London's blue chip index failed to find direction as investors sat tight ahead of news from the eurozone and economic data this week.

The FTSE 100 Index closed up 13.1 points at 6277.1 as eurozone group finance ministers sat down to discuss the value of the single currency.

The meeting comes after French finance minister Pierre Moscovici has raised concerns that the rising euro is making goods less competitive.

Markets were also subdued with Asian markets shut due to the Chinese new year.

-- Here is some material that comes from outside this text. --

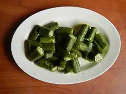 Okra[85] A vegetable that is native to West Africa and is eaten fried or stewed and is a traditional ingredient of gumbo. It is sometimes cooked with tomatoes, corn, onions and hot peppers. In West Africa and in African-American cuisine, okra is used to thicken stews and soups.[86] In Gullah communities, cooked okra soup is prepared with "...tomatoes, and smoked meat served over rice."[87]
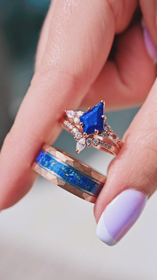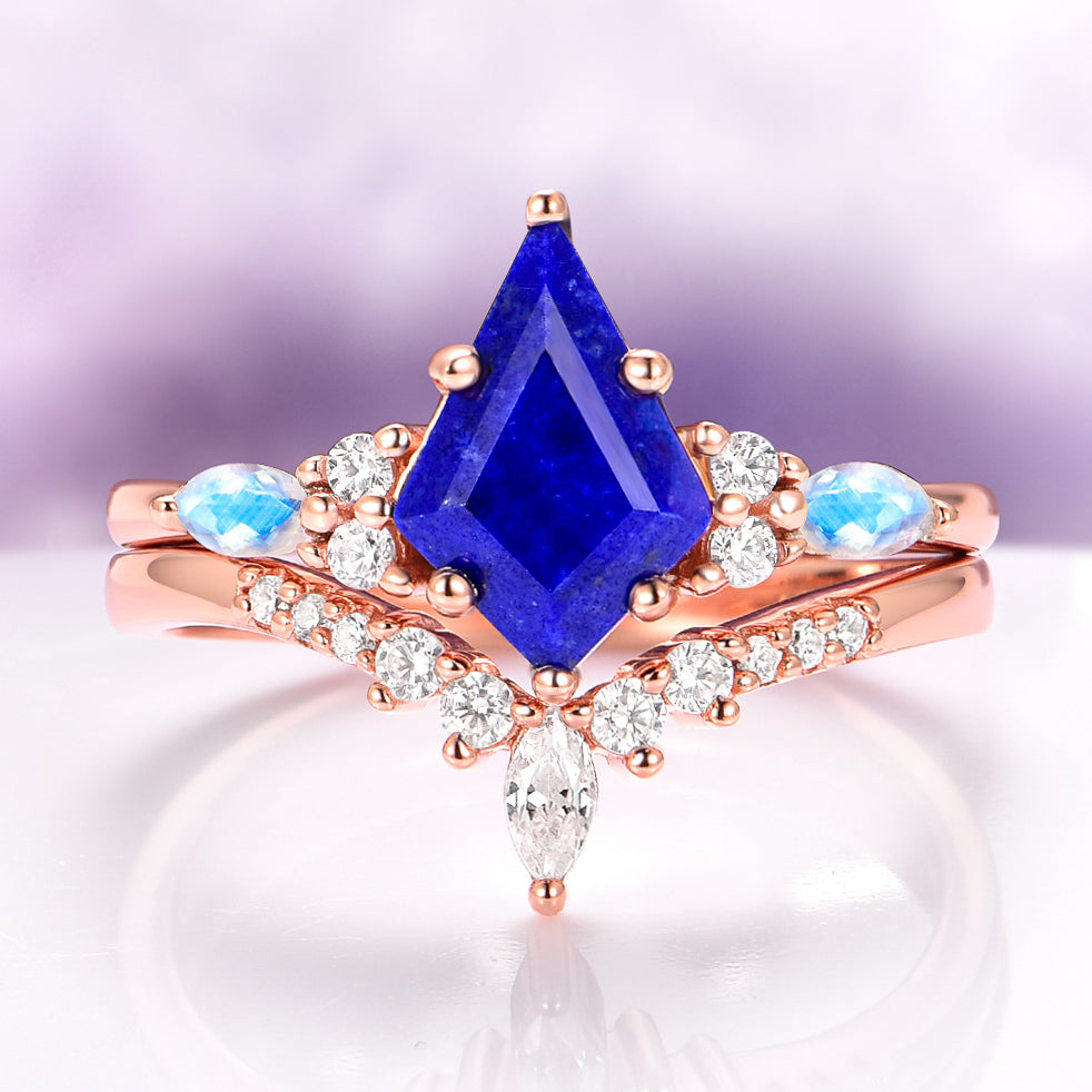 The Skye Kite™ Lapis Lazuli & Moonstone Ring Set is crafted in 14K solid rose gold and features a captivating kite-cut lapis lazuli, a symbol of wisdom and truth. Accented by luminous moonstone side stones and your choice of moissanite or natural diamonds, this celestial-inspired ring set radiates elegance and mystique. Perfect as matching bond rings, promise rings, or a meaningful anniversary gift, the Skye Kite™ Lapis Lazuli & Moonstone Ring Set is a timeless expression of love and individuality. Shop now to customize your perfect ring set!

In the currency markets the pound was down against the euro at 1.17 and the US dollar at 1.57 ahead of the Bank of England's latest assessment of growth and inflation in its quarterly report on Wednesday, the day after the release of monthly cost of living figures.

In the top flight index Barclays shares were higher amid speculation that a business review by chief executive Antony Jenkins will leave the banking giant intact. Reports over the weekend suggested Mr Jenkins will stop short of far-reaching change, although his drive for cultural reform will cost 2000 jobs in investment banking and the closure of its tax avoidance unit. Barclays shares outperformed the wider banking sector with a rise of 2.9p to 301.5p.

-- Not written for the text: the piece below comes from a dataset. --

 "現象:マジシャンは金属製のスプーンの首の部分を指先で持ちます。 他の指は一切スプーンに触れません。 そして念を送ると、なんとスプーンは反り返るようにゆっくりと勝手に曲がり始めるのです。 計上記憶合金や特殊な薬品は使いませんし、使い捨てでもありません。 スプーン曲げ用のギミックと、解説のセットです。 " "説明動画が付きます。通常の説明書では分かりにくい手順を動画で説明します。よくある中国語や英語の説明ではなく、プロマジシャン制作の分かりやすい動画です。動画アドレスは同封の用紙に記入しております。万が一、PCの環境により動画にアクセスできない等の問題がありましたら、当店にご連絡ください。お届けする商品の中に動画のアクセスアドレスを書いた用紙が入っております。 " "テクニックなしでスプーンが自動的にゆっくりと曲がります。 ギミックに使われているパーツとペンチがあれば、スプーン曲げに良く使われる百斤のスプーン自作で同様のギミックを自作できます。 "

There was little in the way of corporate updates so holidays company Thomas Cook was in the spotlight after Citigroup removed its sell rating on the stock due to its better-than-expected quarterly results.

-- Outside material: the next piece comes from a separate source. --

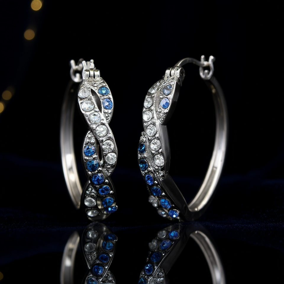 Orecchini a Cerchio Classici in Argento 925 con Cristalli Blu Incastonati per Uso Quotidiano Femminile Placcati in Rodio

The broker noted progress on cost savings and the benefit of currency fluctuations, but added concerns over the company's balance sheet still remained. Shares rose 0.5p to 88.5p and have jumped 86% so far this year on hopes of a turnaround under new chief Harriet Green.

Sentiment has also improved towards grocery delivery chain Ocado after last week's better-than-expected annual results and the appointment of Sir Stuart Rose as chairman.

An upbeat note from Exane BNP Paribas reinforced this view with shares on the FTSE 250 Index risers board up 8.9p to 127.3p.

Back in the top flight a broker upgrade helped underpin Tesco share price. Shares in Britain's biggest supermarket were up 5.3p to 367.9p after Paribas raised its rating to neutral, and Morrisons was also up 6p to 256.1p.

Centrica, which should benefit from higher energy consumption during the current cold snap, rose 1.9p to 342p and rival SSE lifted 4p to 1405p. Chip designer ARM Holdings neared the top of the fallers board with a drop of 15.5p to 903.5p.